Here we submit the job to run on the remote training cluster we set up earlier. To submit a job we:
* Create a directory for all files to be uploaded to the remote cluster
* Create a training script
* Create an estimator object
* Submit the job 

### Create a directory

Create a directory to upload all files to the remote cluster

In [None]:
import os
script_folder = os.path.join(os.getcwd(), "to-upload")
os.makedirs(script_folder, exist_ok=True)

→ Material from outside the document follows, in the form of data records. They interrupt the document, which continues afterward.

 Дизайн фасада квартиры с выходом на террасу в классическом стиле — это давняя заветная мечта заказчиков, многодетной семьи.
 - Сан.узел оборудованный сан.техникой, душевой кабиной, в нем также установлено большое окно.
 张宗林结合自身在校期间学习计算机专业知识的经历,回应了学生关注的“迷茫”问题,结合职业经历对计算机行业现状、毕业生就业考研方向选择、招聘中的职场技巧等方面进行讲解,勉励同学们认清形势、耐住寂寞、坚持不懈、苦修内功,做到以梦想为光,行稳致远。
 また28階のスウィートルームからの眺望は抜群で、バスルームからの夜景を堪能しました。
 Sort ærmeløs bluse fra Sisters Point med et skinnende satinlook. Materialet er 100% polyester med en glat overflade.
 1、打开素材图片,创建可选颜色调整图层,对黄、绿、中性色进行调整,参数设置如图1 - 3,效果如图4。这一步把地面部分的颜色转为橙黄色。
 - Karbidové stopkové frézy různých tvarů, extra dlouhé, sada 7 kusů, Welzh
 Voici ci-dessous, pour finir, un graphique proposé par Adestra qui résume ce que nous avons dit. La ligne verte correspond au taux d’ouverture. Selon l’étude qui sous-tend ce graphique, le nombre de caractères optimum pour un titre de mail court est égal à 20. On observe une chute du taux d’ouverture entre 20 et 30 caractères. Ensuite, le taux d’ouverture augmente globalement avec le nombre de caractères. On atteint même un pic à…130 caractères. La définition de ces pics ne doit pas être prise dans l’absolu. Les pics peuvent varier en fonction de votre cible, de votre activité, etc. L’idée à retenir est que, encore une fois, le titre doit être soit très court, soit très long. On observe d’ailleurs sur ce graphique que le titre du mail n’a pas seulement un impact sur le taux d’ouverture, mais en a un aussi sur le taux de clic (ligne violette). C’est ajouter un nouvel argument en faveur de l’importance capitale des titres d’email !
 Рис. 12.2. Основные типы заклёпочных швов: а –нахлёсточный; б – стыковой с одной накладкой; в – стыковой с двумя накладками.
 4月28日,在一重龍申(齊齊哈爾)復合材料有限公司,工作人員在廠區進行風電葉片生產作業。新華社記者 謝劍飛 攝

### Create a training script

To submit the job to the cluster, we need to create a training script. Here we create `train.py` in the `to-upload` directory

In [None]:
%%writefile "$script_folder/train.py"

import pickle
import argparse
import pandas as pd
from azure.storage.blob import BlockBlobService  # v2.1

from sklearn import tree
from sklearn import neighbors
from sklearn import naive_bayes
from sklearn.linear_model import LogisticRegression
from sklearn.model_selection import cross_val_score

from azureml.core import Run

parser = argparse.ArgumentParser()
parser.add_argument('--account', type=str, dest='storage_account', help='storage account name')
parser.add_argument('--container', type=str, dest='container_name', help='blob container name')
parser.add_argument('--blob', type=str, dest='blob_name', help='blob name')
parser.add_argument('--sas', type=str, dest='sas_token', help='SAS token')
args = parser.parse_args()

storage_account = args.storage_account
container_name = args.container_name
blob_name = args.blob_name
sas_token = args.sas_token

# downloading the blob to a local file 'data.csv' and read into a dataframe

block_blob_service = BlockBlobService(account_name=storage_account, sas_token=sas_token)
block_blob_service.get_blob_to_path(container_name, blob_name, 'data.csv')
df = pd.read_csv('data.csv')

train_x = df[df['Test'] == False][['Temperature', 'Humidity', 'Light', 'CO2', 'HumidityRatio']]
train_y = df[df['Test'] == False]['Occupancy']
test_x = df[df['Test'] == True][['Temperature', 'Humidity', 'Light', 'CO2', 'HumidityRatio']]
test_y = df[df['Test'] == True]['Occupancy']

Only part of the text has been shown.